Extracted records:
......

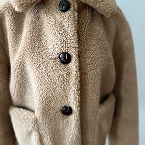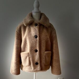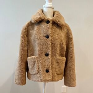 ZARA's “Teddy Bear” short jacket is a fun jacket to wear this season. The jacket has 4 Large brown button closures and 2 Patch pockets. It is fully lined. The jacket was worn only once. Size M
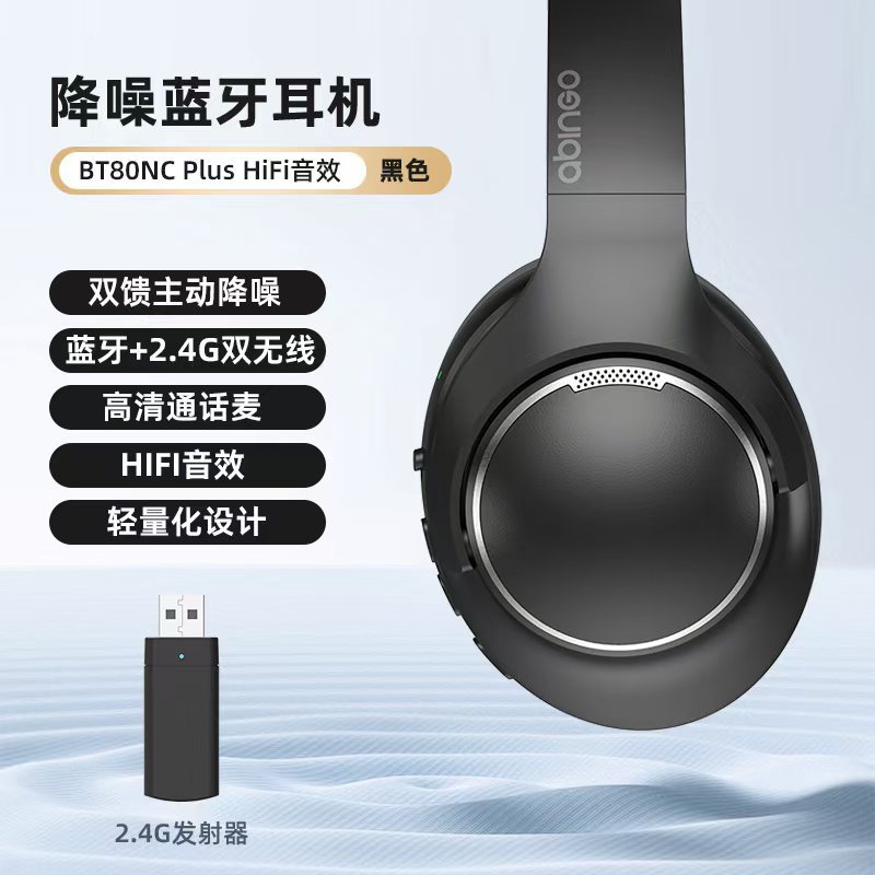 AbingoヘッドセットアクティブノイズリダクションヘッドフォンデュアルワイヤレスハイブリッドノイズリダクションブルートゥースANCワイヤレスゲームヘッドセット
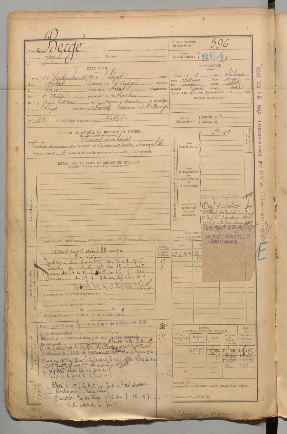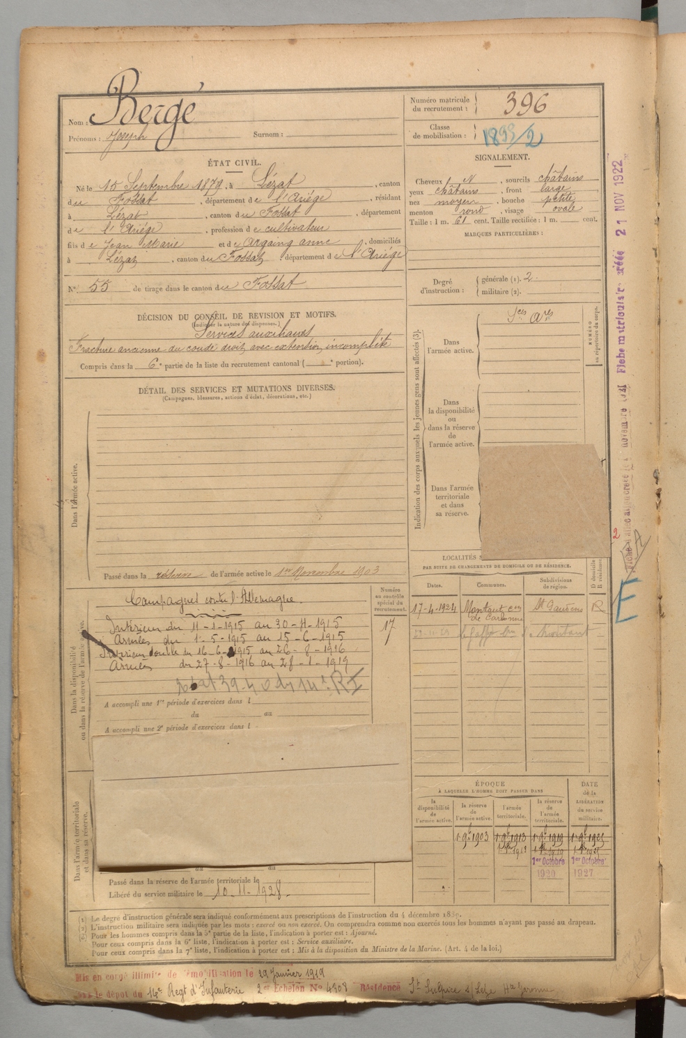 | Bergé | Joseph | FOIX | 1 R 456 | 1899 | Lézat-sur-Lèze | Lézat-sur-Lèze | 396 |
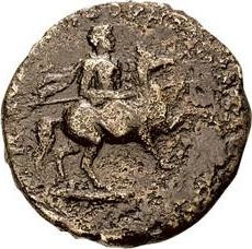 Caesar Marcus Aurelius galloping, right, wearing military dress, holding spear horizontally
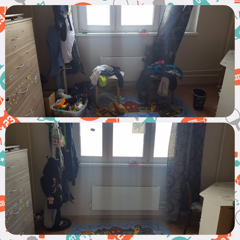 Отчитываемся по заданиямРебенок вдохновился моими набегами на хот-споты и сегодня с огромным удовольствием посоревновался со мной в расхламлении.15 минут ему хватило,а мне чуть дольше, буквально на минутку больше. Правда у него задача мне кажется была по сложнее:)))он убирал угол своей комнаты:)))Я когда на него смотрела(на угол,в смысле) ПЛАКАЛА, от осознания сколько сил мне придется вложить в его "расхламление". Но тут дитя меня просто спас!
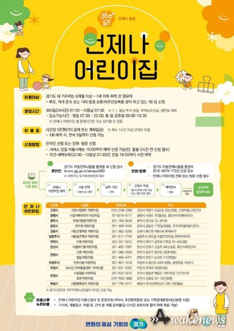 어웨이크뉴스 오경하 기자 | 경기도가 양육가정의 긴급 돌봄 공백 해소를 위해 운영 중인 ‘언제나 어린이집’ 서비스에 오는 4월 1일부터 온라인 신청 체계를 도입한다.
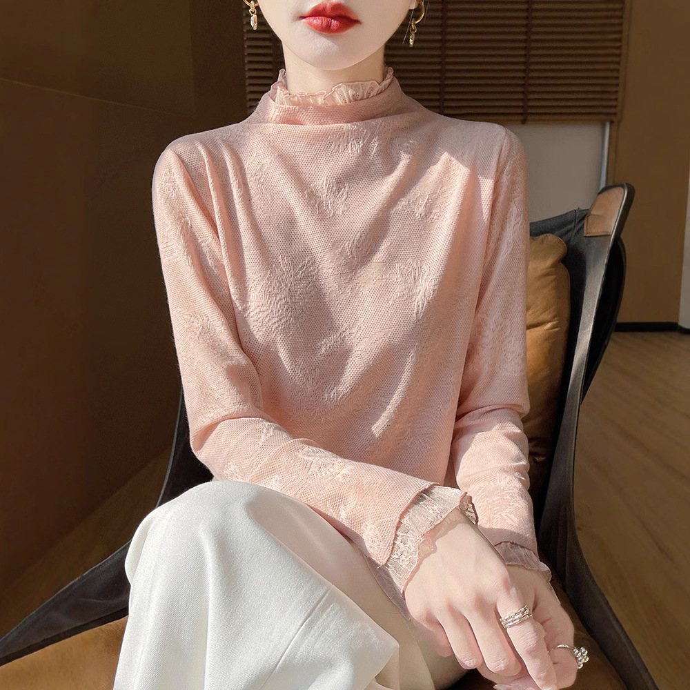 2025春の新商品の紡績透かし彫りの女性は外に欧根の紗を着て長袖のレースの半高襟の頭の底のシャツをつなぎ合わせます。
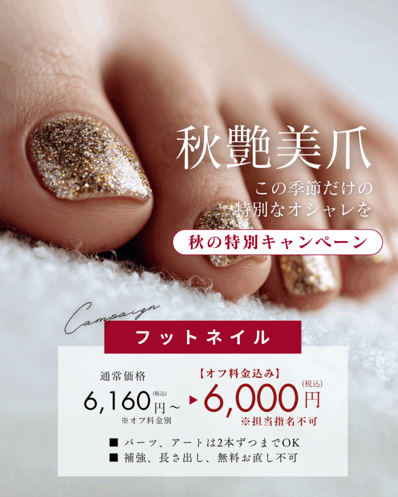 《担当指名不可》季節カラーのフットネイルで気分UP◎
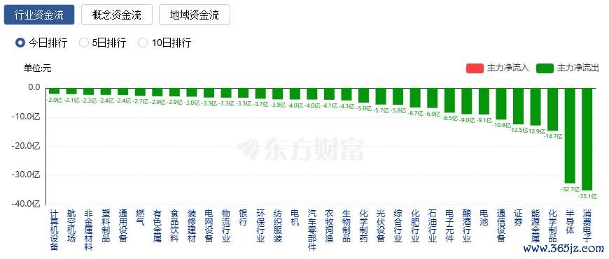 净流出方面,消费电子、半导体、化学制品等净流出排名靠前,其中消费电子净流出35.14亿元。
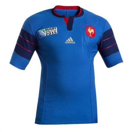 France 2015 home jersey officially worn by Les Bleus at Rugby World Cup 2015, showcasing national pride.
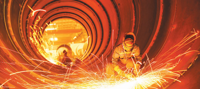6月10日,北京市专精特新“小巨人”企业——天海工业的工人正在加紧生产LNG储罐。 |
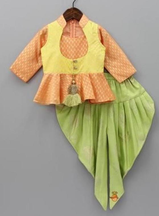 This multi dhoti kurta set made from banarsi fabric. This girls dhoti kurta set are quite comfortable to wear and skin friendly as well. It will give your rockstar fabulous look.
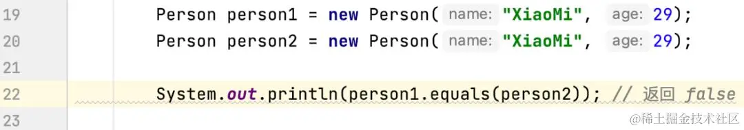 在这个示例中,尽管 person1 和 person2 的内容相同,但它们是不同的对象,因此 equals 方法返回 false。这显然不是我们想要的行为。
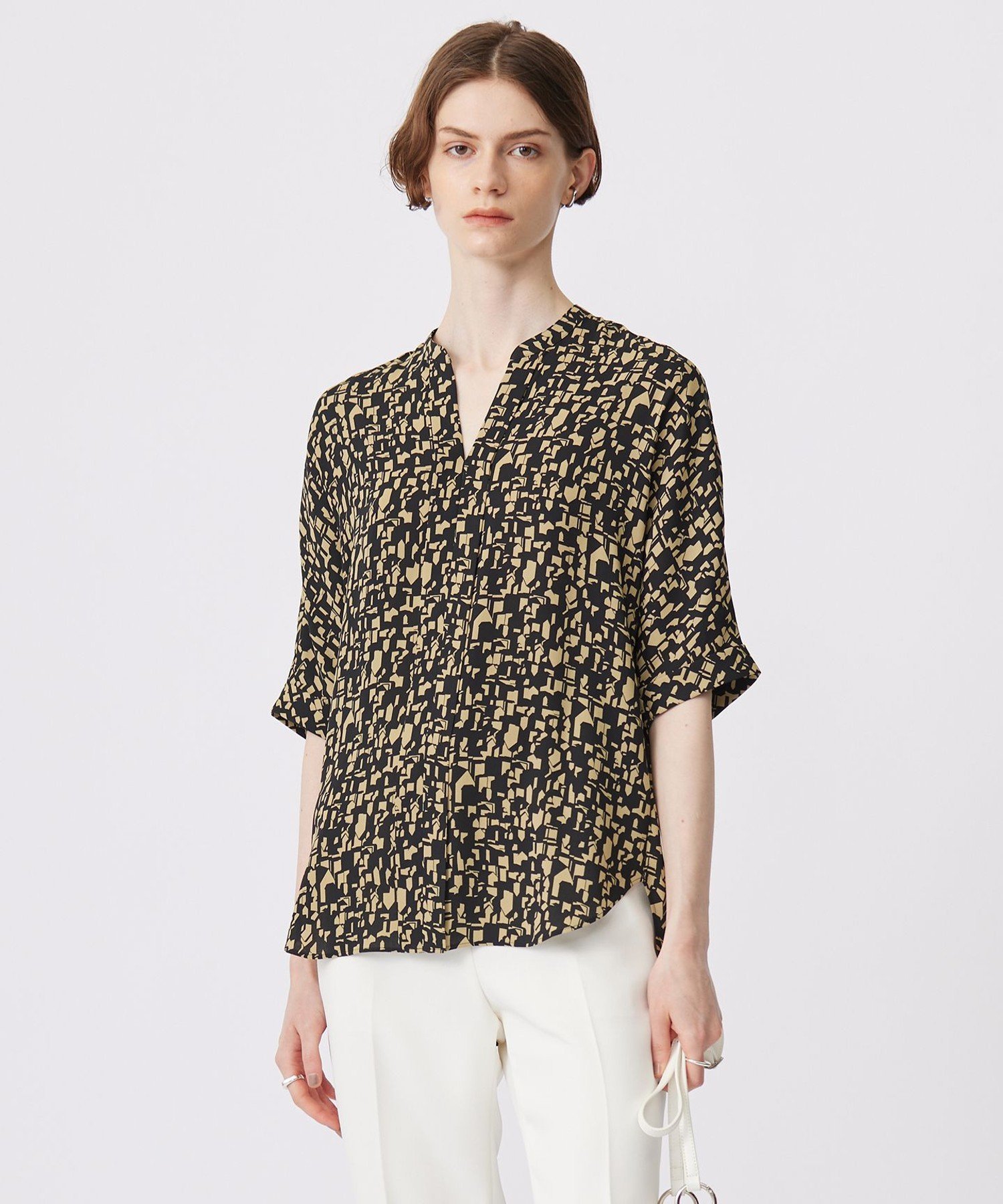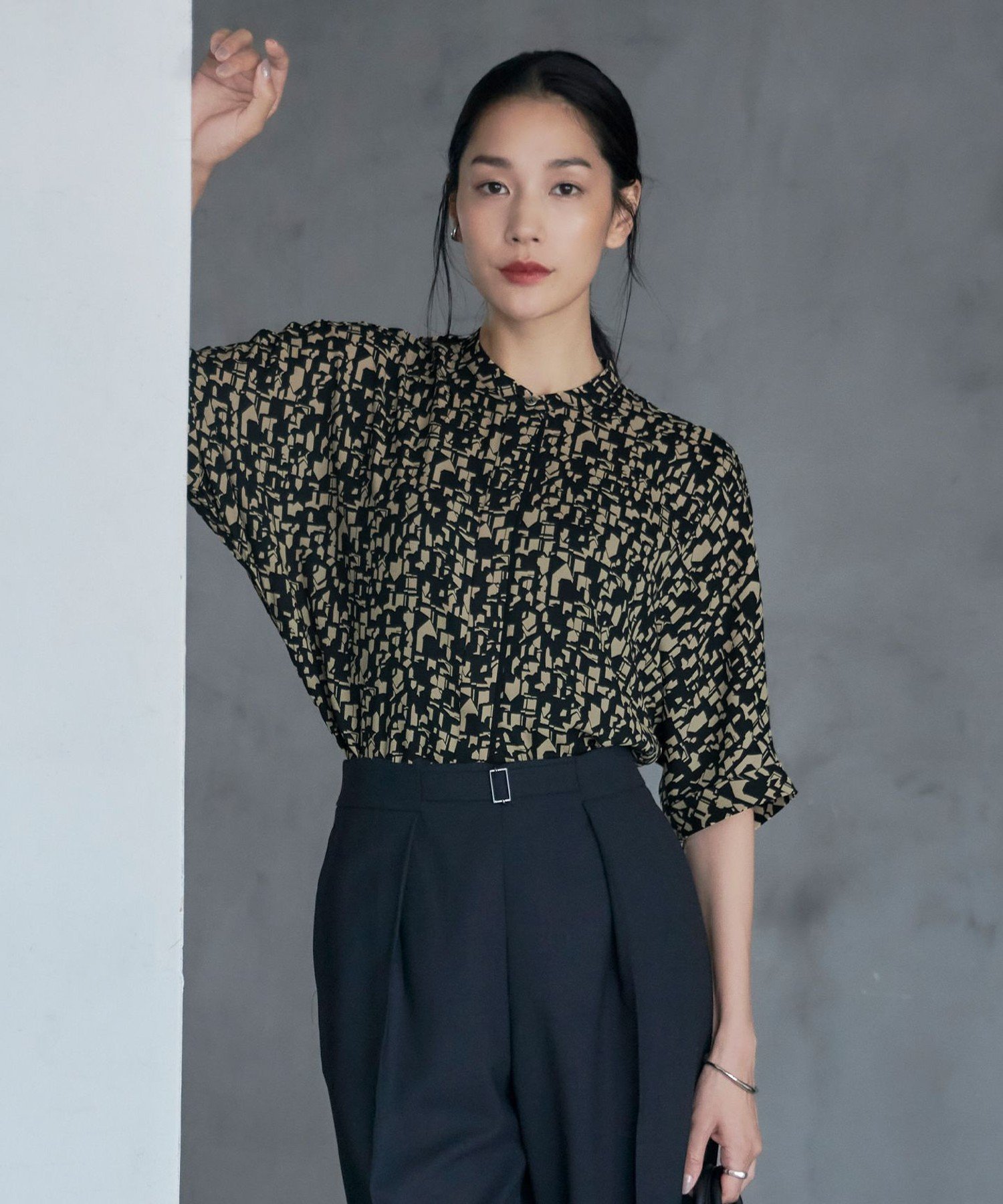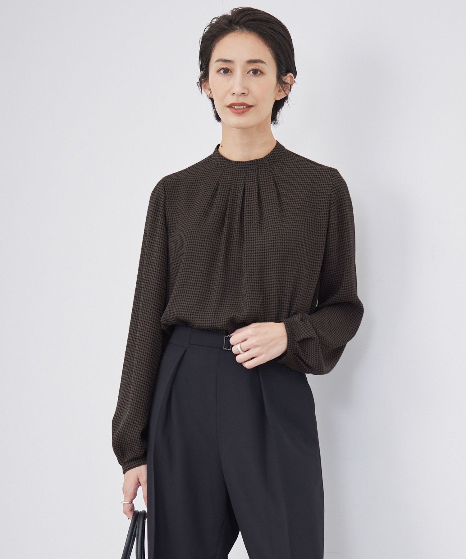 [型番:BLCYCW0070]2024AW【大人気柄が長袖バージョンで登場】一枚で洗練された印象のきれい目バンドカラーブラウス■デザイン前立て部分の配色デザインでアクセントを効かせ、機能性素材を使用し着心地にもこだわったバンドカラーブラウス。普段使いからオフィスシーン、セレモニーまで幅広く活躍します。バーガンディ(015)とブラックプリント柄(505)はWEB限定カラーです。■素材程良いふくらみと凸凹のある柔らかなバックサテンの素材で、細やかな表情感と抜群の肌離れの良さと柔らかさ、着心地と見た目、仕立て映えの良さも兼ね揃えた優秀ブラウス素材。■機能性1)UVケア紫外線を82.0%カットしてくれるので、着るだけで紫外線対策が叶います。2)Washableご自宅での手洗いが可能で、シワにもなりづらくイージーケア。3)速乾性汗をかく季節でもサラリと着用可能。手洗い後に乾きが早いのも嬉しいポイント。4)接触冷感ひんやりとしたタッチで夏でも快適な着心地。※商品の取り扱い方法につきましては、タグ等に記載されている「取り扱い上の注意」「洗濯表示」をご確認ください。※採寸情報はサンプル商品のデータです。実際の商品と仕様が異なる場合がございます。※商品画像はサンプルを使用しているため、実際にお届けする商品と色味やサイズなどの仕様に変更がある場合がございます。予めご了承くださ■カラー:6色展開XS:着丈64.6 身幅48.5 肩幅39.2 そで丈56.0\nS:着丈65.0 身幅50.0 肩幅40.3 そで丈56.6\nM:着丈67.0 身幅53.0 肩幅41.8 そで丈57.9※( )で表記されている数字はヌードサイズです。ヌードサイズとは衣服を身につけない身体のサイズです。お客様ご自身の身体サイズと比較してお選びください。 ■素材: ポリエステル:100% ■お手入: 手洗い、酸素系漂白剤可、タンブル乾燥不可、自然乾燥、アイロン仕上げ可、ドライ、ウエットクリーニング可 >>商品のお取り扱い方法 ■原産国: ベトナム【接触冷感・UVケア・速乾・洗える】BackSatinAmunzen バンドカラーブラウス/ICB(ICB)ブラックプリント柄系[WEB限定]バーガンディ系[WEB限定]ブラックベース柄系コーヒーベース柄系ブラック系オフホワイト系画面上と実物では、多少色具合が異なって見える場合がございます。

......

EXERCISE: An exact copy of the records above is wanted, with the pictures omitted.

RESPONSE AREA:
 ZARA's “Teddy Bear” short jacket is a fun jacket to wear this season. The jacket has 4 Large brown button closures and 2 Patch pockets. It is fully lined. The jacket was worn only once. Size M
 AbingoヘッドセットアクティブノイズリダクションヘッドフォンデュアルワイヤレスハイブリッドノイズリダクションブルートゥースANCワイヤレスゲームヘッドセット
 | Bergé | Joseph | FOIX | 1 R 456 | 1899 | Lézat-sur-Lèze | Lézat-sur-Lèze | 396 |
 Caesar Marcus Aurelius galloping, right, wearing military dress, holding spear horizontally
 Отчитываемся по заданиямРебенок вдохновился моими набегами на хот-споты и сегодня с огромным удовольствием посоревновался со мной в расхламлении.15 минут ему хватило,а мне чуть дольше, буквально на минутку больше. Правда у него задача мне кажется была по сложнее:)))он убирал угол своей комнаты:)))Я когда на него смотрела(на угол,в смысле) ПЛАКАЛА, от осознания сколько сил мне придется вложить в его "расхламление". Но тут дитя меня просто спас!
 어웨이크뉴스 오경하 기자 | 경기도가 양육가정의 긴급 돌봄 공백 해소를 위해 운영 중인 ‘언제나 어린이집’ 서비스에 오는 4월 1일부터 온라인 신청 체계를 도입한다.
 2025春の新商品の紡績透かし彫りの女性は外に欧根の紗を着て長袖のレースの半高襟の頭の底のシャツをつなぎ合わせます。
 《担当指名不可》季節カラーのフットネイルで気分UP◎
 净流出方面,消费电子、半导体、化学制品等净流出排名靠前,其中消费电子净流出35.14亿元。
 France 2015 home jersey officially worn by Les Bleus at Rugby World Cup 2015, showcasing national pride.
6月10日,北京市专精特新“小巨人”企业——天海工业的工人正在加紧生产LNG储罐。 |
 This multi dhoti kurta set made from banarsi fabric. This girls dhoti kurta set are quite comfortable to wear and skin friendly as well. It will give your rockstar fabulous look.
 在这个示例中,尽管 person1 和 person2 的内容相同,但它们是不同的对象,因此 equals 方法返回 false。这显然不是我们想要的行为。
 [型番:BLCYCW0070]2024AW【大人気柄が長袖バージョンで登場】一枚で洗練された印象のきれい目バンドカラーブラウス■デザイン前立て部分の配色デザインでアクセントを効かせ、機能性素材を使用し着心地にもこだわったバンドカラーブラウス。普段使いからオフィスシーン、セレモニーまで幅広く活躍します。バーガンディ(015)とブラックプリント柄(505)はWEB限定カラーです。■素材程良いふくらみと凸凹のある柔らかなバックサテンの素材で、細やかな表情感と抜群の肌離れの良さと柔らかさ、着心地と見た目、仕立て映えの良さも兼ね揃えた優秀ブラウス素材。■機能性1)UVケア紫外線を82.0%カットしてくれるので、着るだけで紫外線対策が叶います。2)Washableご自宅での手洗いが可能で、シワにもなりづらくイージーケア。3)速乾性汗をかく季節でもサラリと着用可能。手洗い後に乾きが早いのも嬉しいポイント。4)接触冷感ひんやりとしたタッチで夏でも快適な着心地。※商品の取り扱い方法につきましては、タグ等に記載されている「取り扱い上の注意」「洗濯表示」をご確認ください。※採寸情報はサンプル商品のデータです。実際の商品と仕様が異なる場合がございます。※商品画像はサンプルを使用しているため、実際にお届けする商品と色味やサイズなどの仕様に変更がある場合がございます。予めご了承くださ■カラー:6色展開XS:着丈64.6 身幅48.5 肩幅39.2 そで丈56.0\nS:着丈65.0 身幅50.0 肩幅40.3 そで丈56.6\nM:着丈67.0 身幅53.0 肩幅41.8 そで丈57.9※( )で表記されている数字はヌードサイズです。ヌードサイズとは衣服を身につけない身体のサイズです。お客様ご自身の身体サイズと比較してお選びください。 ■素材: ポリエステル:100% ■お手入: 手洗い、酸素系漂白剤可、タンブル乾燥不可、自然乾燥、アイロン仕上げ可、ドライ、ウエットクリーニング可 >>商品のお取り扱い方法 ■原産国: ベトナム【接触冷感・UVケア・速乾・洗える】BackSatinAmunzen バンドカラーブラウス/ICB(ICB)ブラックプリント柄系[WEB限定]バーガンディ系[WEB限定]ブラックベース柄系コーヒーベース柄系ブラック系オフホワイト系画面上と実物では、多少色具合が異なって見える場合がございます。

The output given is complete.